Daugherty speaks with delight and reverence about his players as well as his relationship with President Hannah, who had empowered Duffy with unwavering in his support of Duffy’s initiative. He recounted an incident: “There was a so-called Black Student Alliance on campus and there were some football players in that group,” he recalled. “Their concern was that there was not enough black involvement within the framework of the university — secretaries, administrators, cheerleaders, you name it. We had already hired a black assistant coach, but the BSA had some grievances in other sports. The committee took the matter to our athletic director, Biggie Munn, and told him frankly that unless meaningful steps were taken — and right now — they would boycott all spring sports. That meant spring football, too.”

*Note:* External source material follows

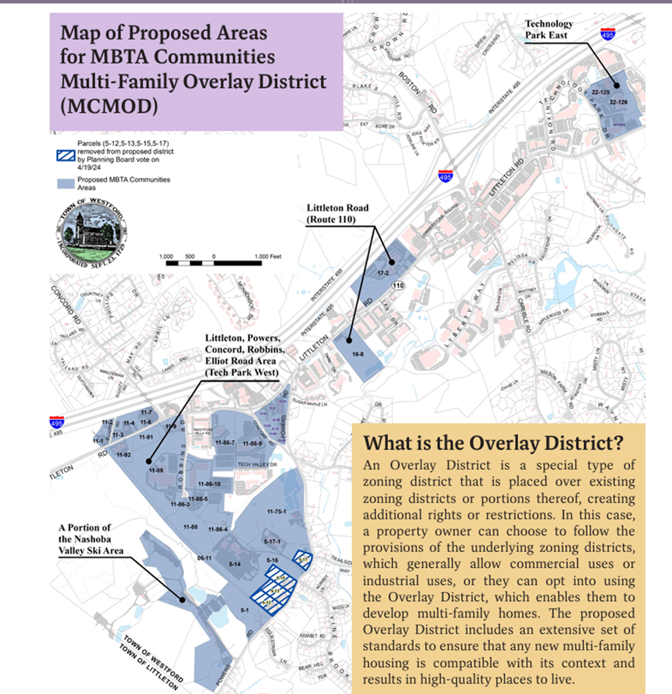 Nonetheless, there are numerous plots that have redevelopment potential and seem to have been explicitly included because of this fact. Among these are a former Swimming & Tennis Club that was sold in 2023 and a current building materials site that is under contract to be acquired by a major developer. Also included is the Nashoba Valley Ski Resort, which according to the town “Seeks to expand their commercial recreation uses to be more year-round and construct a mixed-use development.” All in all, Westford stands out as one of the more ambitious municipalities thus far.

Duffy continued, “Our black athletes missed one day of practice. I made no announcement of any kind, but everyone knew if they missed one more, that was it. President Hannah saved the day, as he so frequently did. Spring practice rules permit four practice days per week. Dr. Hannah asked if I could excuse the blacks from the next practice. My answer to him was that I thought that would work to the detriment of the entire squad. He said he thought the issue could be resolved if the black athletes could meet with our faculty representative, Dr. John Fuzak and Dr. Robert Green, former disciple of Martin Luther King Jr. The compromise solution was to call off practice for one day for everyone while the summit meeting took place. The problems were aired and solved, and practice resumed. Everyone was back on the field, and that was the extent of our so-called ‘black problem…’ My relationship with John Hannah is the most treasured of all those I have formed in nineteen years as a head coach.”
Many of the experiences connected with accomplishments of the Spartans in 1965 and 1966 were summoned from the past by the players and other speakers, and it was left to Jones to assemble the pieces. “Everyone from President Hannah to Ken Earley, our equipment manager, and everyone in between worked together for our team to succeed. We were nothing if we didn’t work together,” Jones said.
What they did on the gridiron ramified to the various sectors of society where activists were bravely involved in bringing about change, and few of them like Reed recognized how all the elements combined and helped expand and accelerate the march toward freedom and justice.